Antes de abandonar la casa, Martín Zamora volvió a la mesa del comedor donde yacía muerto el capitán colorado de cabellera blanca y se llevó su sable intacto y limpio como trofeo.

De inmediato apareció el comandante Pedro Ribero, apostó centinelas en el lugar y exploró a continuación la casa conquistada, desde el almacén hasta las caballerizas del fondo. Se hallaba abarrotada de armas, piezas de equipo y alimentos en abundancia, toda una evidencia de que los sitiadores habían elegido aquella casa como una avanzada estable para golpear el centro le la ciudad.

Una hora después del amanecer, mientras la guarnición se ocupaba en reparar con bolsas de lana y colchones los estragos causados en el Baluarte de la Ley y en los parapetos cercanos, los dos desertores tomados prisioneros en la casa de Ribero fueron conducidos unos veinte metros fuera de las defensas próximas a la Jefatura y sentados al rayo del sol con las manos atadas a la espalda en un par de sillas desvencijadas.

Frente a ellos, cinco hombres formados y con las piernas abiertas esperaban con los fusiles apuntando al suelo.

En un extremo de la trinchera, el capitán Areta observaba la escena con las cejas forzadas y los labios apretados, hasta que desenvainó la espada y la mantuvo en descanso recostada a su bota.

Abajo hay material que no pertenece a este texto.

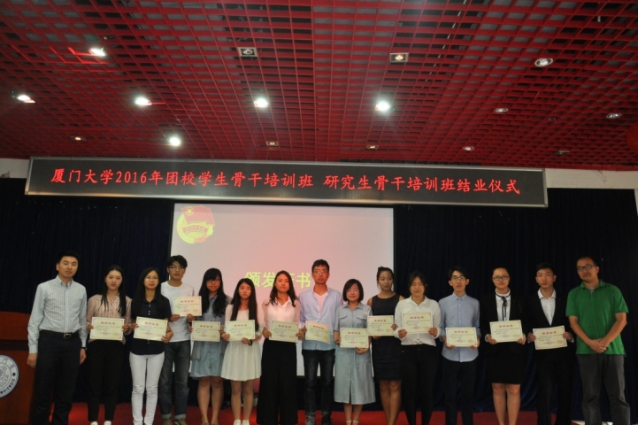 据悉,厦门大学2016年团校学生骨干培训班、研究生骨干培训班由校团委主办,校学生会、校研究生会承办,以我校入选全国首批“青马工程”研究培训基地为契机,加强我校学生干部队伍建设、切实提升学生干部的思想政治素质和工作能力水平。此次培训历时5周,涵盖理论学习、素质拓展、能力训练、交流研讨等培养环节,课程丰富,针对性强,效果显著,得到学员们的高度认可。大家纷纷表示,系统、专业的培训,强化了理论素养、提升了工作能力、拓宽了视野、激发了责任心,要以此为新的起点,把培训班的培训内容、实践体验和个人感悟带回到日常工作中,影响带动身边更多的同学参与到弘扬主旋律传播正能量中来。
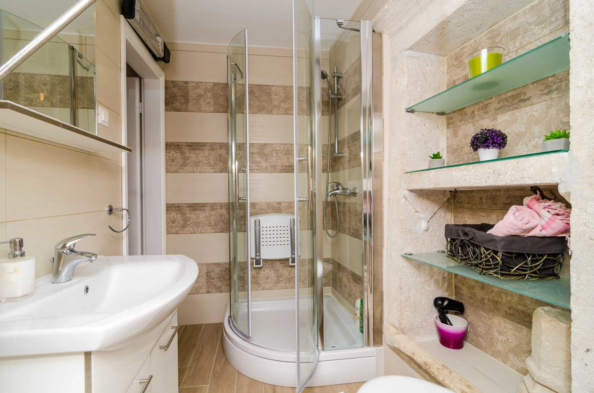 Holiday Home Tezoro Royal is self catering accommodation located inside Dubrovnik Old Town and can accommodate up to 6 people. Property features living room with seating area and flat screen cable TV. Free WiFi and air conditioning are provided. Kitchen is fully equipped with stove, oven, refrigerator, kettle, microwave, coffee maker, dishwasher, toaster and dining area. Property features 2 bathrooms with shower, toilet, hair dryer, soap and toilet paper. Washing machine, linen, towels and ironing facilities are provided.
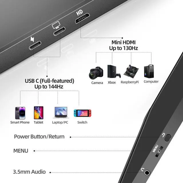 ^^ USB-C & HDMI Plug and Play Works with MacBook Pro, Windows laptops, PS5, Xbox, Nintendo Switch, iPad, and USB-C smartphones supporting DisplayPort Alt Mode. ^^ Boost Productivity & Gaming Immersion Extend your laptop display for multitasking or enjoy immersive gaming anywhere with this versatile portable monitor.

Unos metros atrás, Martín Zamora y Raymond Harris fumaban en silencio sin perder de vista las expresiones de los dos hombres sentados por última vez en medio de los mortales. Era una escena realmente triste.

– Toda una bendición… -murmuró el inglés en voz baja para sí y para Martín Zamora.

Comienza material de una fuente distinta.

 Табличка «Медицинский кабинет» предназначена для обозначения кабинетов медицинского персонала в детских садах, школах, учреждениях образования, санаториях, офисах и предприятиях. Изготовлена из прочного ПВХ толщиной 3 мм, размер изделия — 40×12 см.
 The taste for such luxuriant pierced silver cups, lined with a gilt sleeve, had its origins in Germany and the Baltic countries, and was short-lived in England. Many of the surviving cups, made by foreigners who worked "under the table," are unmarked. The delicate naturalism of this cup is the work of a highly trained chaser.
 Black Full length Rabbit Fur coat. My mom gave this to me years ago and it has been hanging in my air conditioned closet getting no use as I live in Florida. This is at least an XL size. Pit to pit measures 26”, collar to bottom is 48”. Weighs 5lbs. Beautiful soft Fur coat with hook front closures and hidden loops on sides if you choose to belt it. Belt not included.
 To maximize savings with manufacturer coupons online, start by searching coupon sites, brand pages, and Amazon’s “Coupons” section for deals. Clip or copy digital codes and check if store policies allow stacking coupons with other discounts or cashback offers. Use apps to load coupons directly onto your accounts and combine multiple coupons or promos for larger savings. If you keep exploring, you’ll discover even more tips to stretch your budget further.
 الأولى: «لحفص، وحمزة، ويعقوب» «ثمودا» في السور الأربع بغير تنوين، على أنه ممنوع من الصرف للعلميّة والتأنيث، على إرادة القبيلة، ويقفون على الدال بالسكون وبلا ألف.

– ¿A qué se refiere, hombre?

– A que no seamos nosotros los que estemos en esas malditas sillas… ¿O no le parece una bendición?

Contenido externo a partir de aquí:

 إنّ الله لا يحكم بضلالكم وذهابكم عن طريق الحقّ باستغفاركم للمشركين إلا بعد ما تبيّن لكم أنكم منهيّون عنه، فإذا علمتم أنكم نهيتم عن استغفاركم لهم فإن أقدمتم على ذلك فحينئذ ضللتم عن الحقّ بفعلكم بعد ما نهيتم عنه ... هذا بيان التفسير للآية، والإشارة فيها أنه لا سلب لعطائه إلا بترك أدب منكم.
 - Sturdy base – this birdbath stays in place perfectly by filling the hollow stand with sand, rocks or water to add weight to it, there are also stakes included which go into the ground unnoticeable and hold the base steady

Martín Zamora no dijo nada.

Enfundado en un ajustado traje negro que hacía resaltar su camisa amarilla y el fino lazo de terciopelo alrededor del cuello, el abogadillo del Piero mantenía una sonrisa confiada y decididamente estúpida, como si considerara que todo aquello era una farsa o que los hombres que tenía delante eran incapaces de un acto de inhumanidad para con él. A su lado, el carcelero aindiado, abrillantado de sudor, había inclinado la cabeza y bajado los párpados, tal como era su costumbre cuando montaba guardia en un día de tranquilidad.

Sin perder más tiempo, el capitán Areta subió y bajó su espada en dos movimientos perfectos y de inmediato sus hombres levantaron los fusiles, apuntaron a los pechos y dispararon en el preciso instante en que la escuadra del río reanudaba el feroz bombardeo sobre la ciudad, tal como si el Barón de Tamandaré hubiese pretendido evitar el fusilamiento.

63

9 de diciembre

Justo al mediodía, repentinamente y sin ninguna explicación, los buques brasileños suspendieron el fuego de sus cañones, dejando que el humo desordenado y la quietud flotaran sobre la pequeña ciudad calcinada por el sol de diciembre.